El filón más lucrativo son las obras públicas, las concesiones. Los contratos, las canonjías y comisiones. El intermediarismo multiforme. Los moches son una parte prosaica de reciente cuño, especialmente en las cámaras de diputados y senadores. Más no exclusiva de ellos. Secretarios de estado y gobernadores son de alcurnia en estas prácticas que a todos los iguala.
El instrumento, ya se sabe, son los cargos públicos, esos que en esta ocasión se renuevan en número superior a los 4 millares.
Con la lámpara de Diógenes y una lupa habría que buscar hombres dignos en esta multicolor piara.
Esa asquerosa costra del poder se ha blindado. Controlan o han cooptado a los órganos que en teoría deberían ser autónomos o ciudadanos. Han hecho leyes que en el papel son perfectas. Algunas hasta son objeto de reconocimiento exterior. Se consiguen premios por “transparencia”, “certificación”, “sentido social”, etc.
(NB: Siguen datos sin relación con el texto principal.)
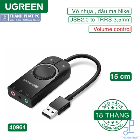 Cáp USB Sound Card Ugreen 40964 là phụ kiện cao cấp giúp kết nối loa, tai nghe, micro tới máy tính của bạn thông qua cổng USB 2.0 với chất lượng âm thanh tuyệt vời không thua kém các card âm thanh nào khác, cần thiết trong các trường hợp thay thế cổng audio, mic bị hỏng hoặc các máy tính không hỗ trợ cổng audio.
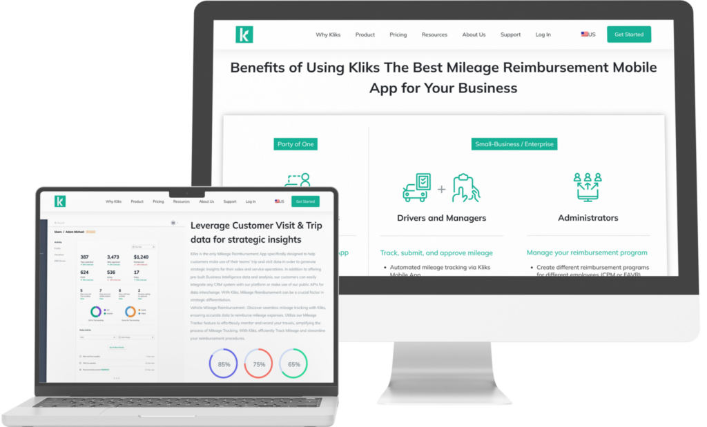 Delivered an iOS, Android, and Web applications with Unmatched Customer Satisfaction for Kliks - Track and process mileage reimbursements easily
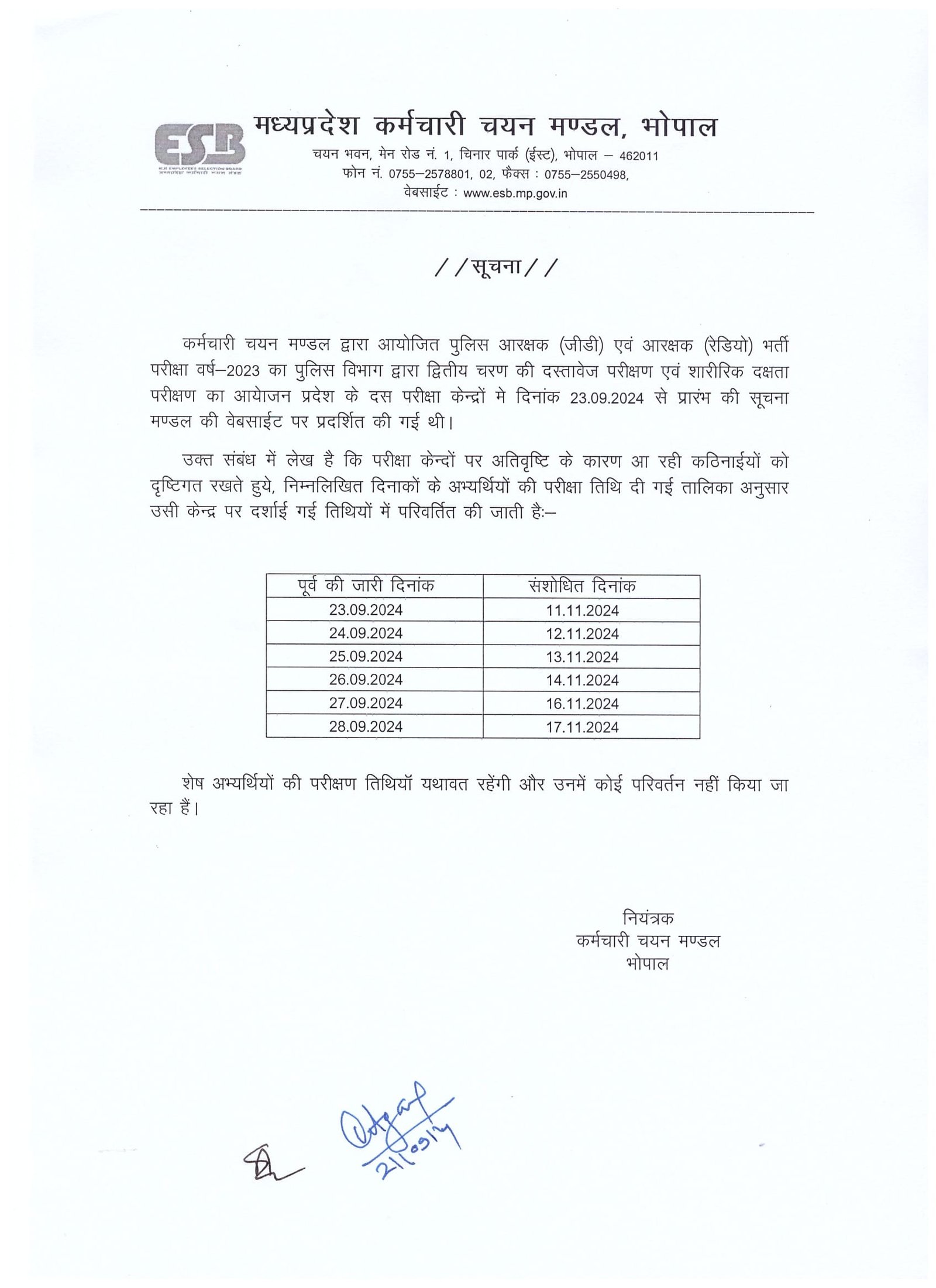 शेष अभ्यर्थियों की परीक्षण तिथियाँ यथावत रहेंगी और उनमें कोई परिवर्तन नहीं किया जा रहा हैं। संबंधित अभ्यर्थी अपना संशोधित दिनांक का प्रवेश-पत्र म.प्र. कर्मचारी चयन मण्डल (ESB) की वेबसाईट से डाउनलोड कर, निर्धारित दिनांक को परीक्षण में शामिल हो।
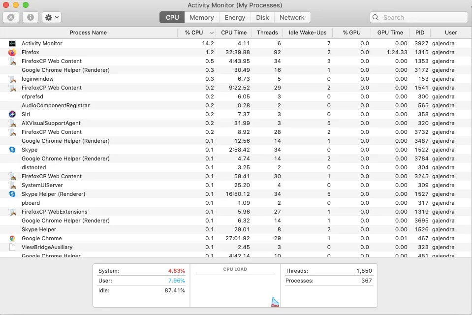 Để kiểm tra ứng dụng nào đang chạy ẩn, hãy nhấn tổ hợp phím Command + Space và nhập Activity Monitor. Nếu bạn thấy bất kỳ ứng dụng nào trong danh sách có thể đang sử dụng camera, hãy đóng ứng dụng đó trực tiếp từ Activity Monitor.

En la práctica la mayor parte de las leyes son papel sanitario para los hombres del poder. El pacto de impunidad es un paraguas gigantesco. Se protegen unos a otros, simulan actos de justicia y sanciones. En la práctica son tácticas de protección en tanto fenece el sexenio.
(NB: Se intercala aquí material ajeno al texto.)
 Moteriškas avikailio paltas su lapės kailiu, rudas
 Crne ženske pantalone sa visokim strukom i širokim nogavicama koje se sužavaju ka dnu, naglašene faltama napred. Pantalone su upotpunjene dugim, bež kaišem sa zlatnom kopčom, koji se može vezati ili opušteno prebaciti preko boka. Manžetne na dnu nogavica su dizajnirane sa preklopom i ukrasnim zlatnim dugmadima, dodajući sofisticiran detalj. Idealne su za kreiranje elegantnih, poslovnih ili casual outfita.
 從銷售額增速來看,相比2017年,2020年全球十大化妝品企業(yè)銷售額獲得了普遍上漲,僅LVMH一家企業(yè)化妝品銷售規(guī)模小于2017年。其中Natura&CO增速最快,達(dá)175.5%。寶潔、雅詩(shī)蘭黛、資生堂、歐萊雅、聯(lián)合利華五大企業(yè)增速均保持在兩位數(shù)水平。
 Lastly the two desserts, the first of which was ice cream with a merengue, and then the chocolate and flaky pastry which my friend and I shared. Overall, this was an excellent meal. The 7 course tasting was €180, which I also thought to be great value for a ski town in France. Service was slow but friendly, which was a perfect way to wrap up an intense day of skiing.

Frente a este mar de corrupción, cinismo, desfachatez e impunidad, nada de extraño tiene que Morena registra un avance público y subterráneo impresionante. Peligrosos para el statu quo, no para la gente o el país.
Es un peligro para la nomenclatura.
La bandera de denuncia de la corrupción que levanta López Obrador ellos se la dieron.
Y siguen, generosamente, aportando nuevas contribuciones cada día. El caso Chihuahua es una más. Pero esto sigue… Ya veremos.